Activity: Output every record word for word, minus the pictures.

Input material:
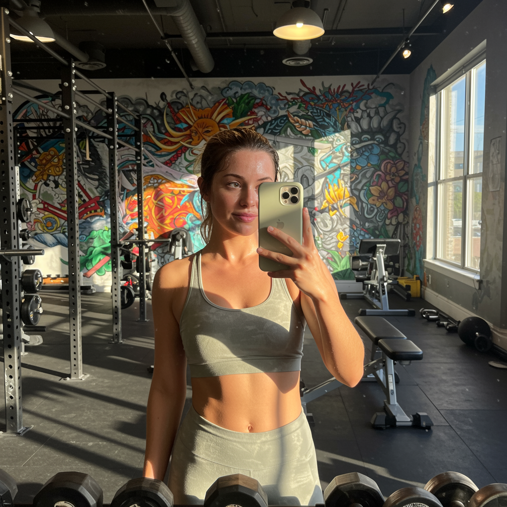 A young woman captures a selfie in a gym, her face glowing with a slight sheen of sweat, exuding determination and energy. She's clad in stylish workout gear, surrounded by weights and exercise equipment. Sunlight filters through large windows, casting dynamic shadows across the room, highlighting her toned physique and the vibrant mural behind her. Her hair is pulled back in a practical yet chic ponytail, and her expression is one of confidence and focus. The atmosphere is vibrant and full of motivation, capturing a moment of personal triumph and strength.
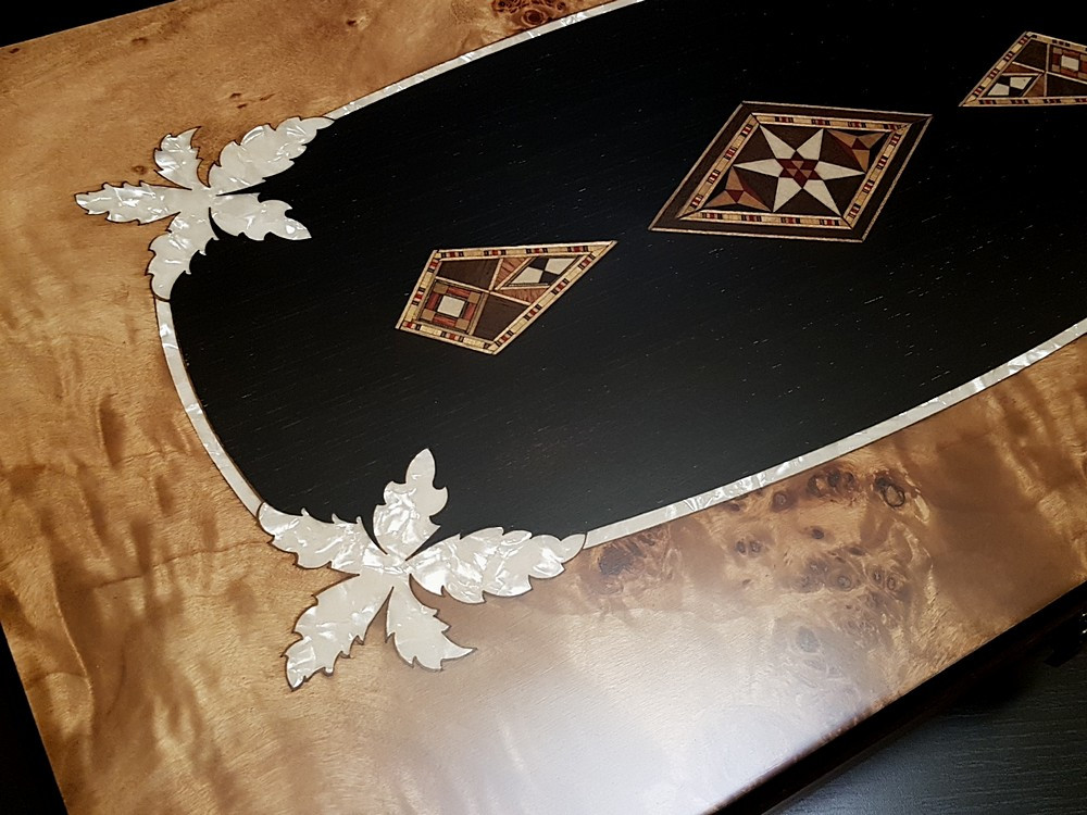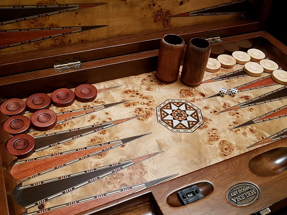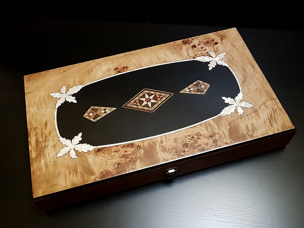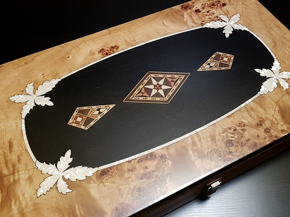 Подарочные нарды турецкой фабрики Helena Wood Art. Выполнены из древесины бука, отделаны шпоном венге и шпоном клена "птичий глаз", украшены узором из натурального перламутра. В комплект входят: игровая доска, резные фишки из самшита (d35 мм) - 30 шт., пластиковые зари - 2 шт., деревянные стаканчики - 2 шт., фирменная сумка-чехол. Размер в сложенном виде - 52х30х7 см, в разложенном - 52х60х3,5 см.
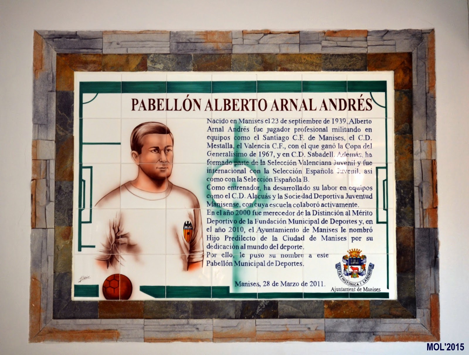 Este edificio situado en el Barrio San Jerónimo de Manises, es el Pabellón que el pasado día 10 de Marzo fue inaugurado por el Manisero Ilustre, el futbolista Internacional Alberto Arnal Andrés, acompañado por el Alcalde de Manises, el Presidente de la Diputación de Valencia y por el Presidente de la Generalitat Valenciana.
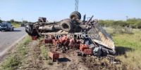 El camión Mercedes Benz, color rojo, era conducido por Alan Demaría, que aparentemente fue "rozado" por otro camión, provocando que muerda el cordón y vuelque.
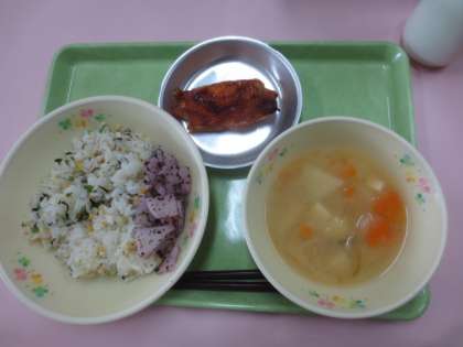 今日の献立は、「菜の花ごはん」「鶏の照り焼き」「みそ汁」「ゆかり大根」「牛乳」です。

Task result:
 A young woman captures a selfie in a gym, her face glowing with a slight sheen of sweat, exuding determination and energy. She's clad in stylish workout gear, surrounded by weights and exercise equipment. Sunlight filters through large windows, casting dynamic shadows across the room, highlighting her toned physique and the vibrant mural behind her. Her hair is pulled back in a practical yet chic ponytail, and her expression is one of confidence and focus. The atmosphere is vibrant and full of motivation, capturing a moment of personal triumph and strength.
 Подарочные нарды турецкой фабрики Helena Wood Art. Выполнены из древесины бука, отделаны шпоном венге и шпоном клена "птичий глаз", украшены узором из натурального перламутра. В комплект входят: игровая доска, резные фишки из самшита (d35 мм) - 30 шт., пластиковые зари - 2 шт., деревянные стаканчики - 2 шт., фирменная сумка-чехол. Размер в сложенном виде - 52х30х7 см, в разложенном - 52х60х3,5 см.
 Este edificio situado en el Barrio San Jerónimo de Manises, es el Pabellón que el pasado día 10 de Marzo fue inaugurado por el Manisero Ilustre, el futbolista Internacional Alberto Arnal Andrés, acompañado por el Alcalde de Manises, el Presidente de la Diputación de Valencia y por el Presidente de la Generalitat Valenciana.
 El camión Mercedes Benz, color rojo, era conducido por Alan Demaría, que aparentemente fue "rozado" por otro camión, provocando que muerda el cordón y vuelque.
 今日の献立は、「菜の花ごはん」「鶏の照り焼き」「みそ汁」「ゆかり大根」「牛乳」です。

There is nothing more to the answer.